Center for Biological Diversity

For Immediate Release, November 10, 2020

Contact:

Stephanie Kurose, (202) 849-8395, skurose@biologicaldiversity.org

Senate Republicans Ignore Extinction Crisis, Pandemic in Funding Legislation

WASHINGTON— Republicans on the Senate Appropriations Committee today released a partisan funding bill for the U.S. Department of the Interior that continues to underfund endangered species conservation and ignores the wildlife extinction crisis happening around the world.

The bill also contains a rider that would prohibit the U.S. Fish and Wildlife Service from protecting the imperiled sage grouse under the Endangered Species Act.

“In the midst of a global extinction crisis, Senate Republicans are turning a blind eye to the animals and plants in desperate need of our help,” said Stephanie Kurose, an endangered species policy specialist at the Center for Biological Diversity. “The pandemic was caused by our careless exploitation and destruction of the natural world. Republicans are showing they’re incapable of learning that basic lesson.”

Though the Fish and Wildlife Service faces a backlog of more than 500 species waiting for decisions on their protection under the Endangered Species Act, the Senate bill only provides $20.3 million for the listing of imperiled species and designation of critical habitat. At least 47 species have already gone extinct waiting for protection.

Last year the Intergovernmental Science-Policy Platform on Biodiversity and Ecosystem Services, known as IPBES, warned governments around the world that 1 million species are now at risk of extinction because of human activity. IPBES scientists said urgent actions are needed to avert mass extinction in the coming decades.

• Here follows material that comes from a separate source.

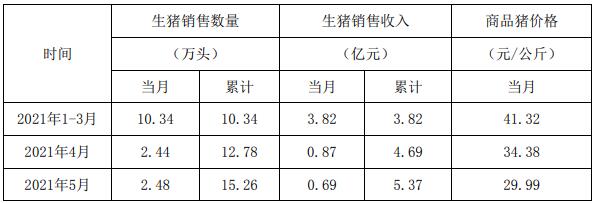 2021年5月份,公司商品豬銷售均價(jià)29.99元/公斤,其中:供港活大豬均價(jià)31.34元/公斤、內(nèi)銷商品肉豬均價(jià)19.29元/公斤。
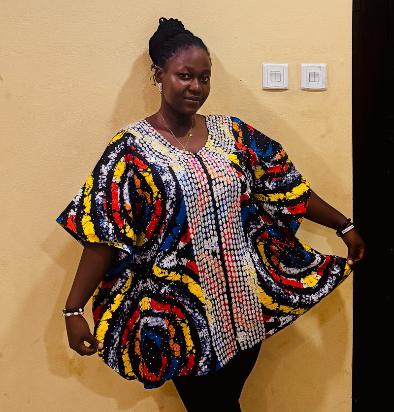 A beautiful beaded top with that’s can be worn on Jean or skirts or plain pants. it’s a boubou top and one size fits all

And last month IPBES released a new report that linked zoonotic diseases like COVID-19 to “unsustainable exploitation of the environment,” including the wildlife trade and land-use change. The new findings echo a recent Center for Biological Diversity report.

Today’s bill fails to provide funding to address the root causes of the COVID-19 pandemic — our relentless exploitation of wildlife and destruction of habitat — which has so far killed more than 230,000 Americans.

Earlier this year a group of scientists concluded that spending $22-$31 billion to curb habitat loss, deforestation and wildlife trade and monitor and control disease emergence would dramatically reduce the risk of another pandemic. That represents just 2% of the total estimated economic loss — $10-$20 trillion — inflicted on the global economy by COVID-19.

“The American people just said loud and clear that they reject Republicans’ anti-environment, anti-science agenda and don’t want more of the same,” said Kurose.

The Center for Biological Diversity is a national, nonprofit conservation organization with more than 1.7 million members and online activists dedicated to the protection of endangered species and wild places.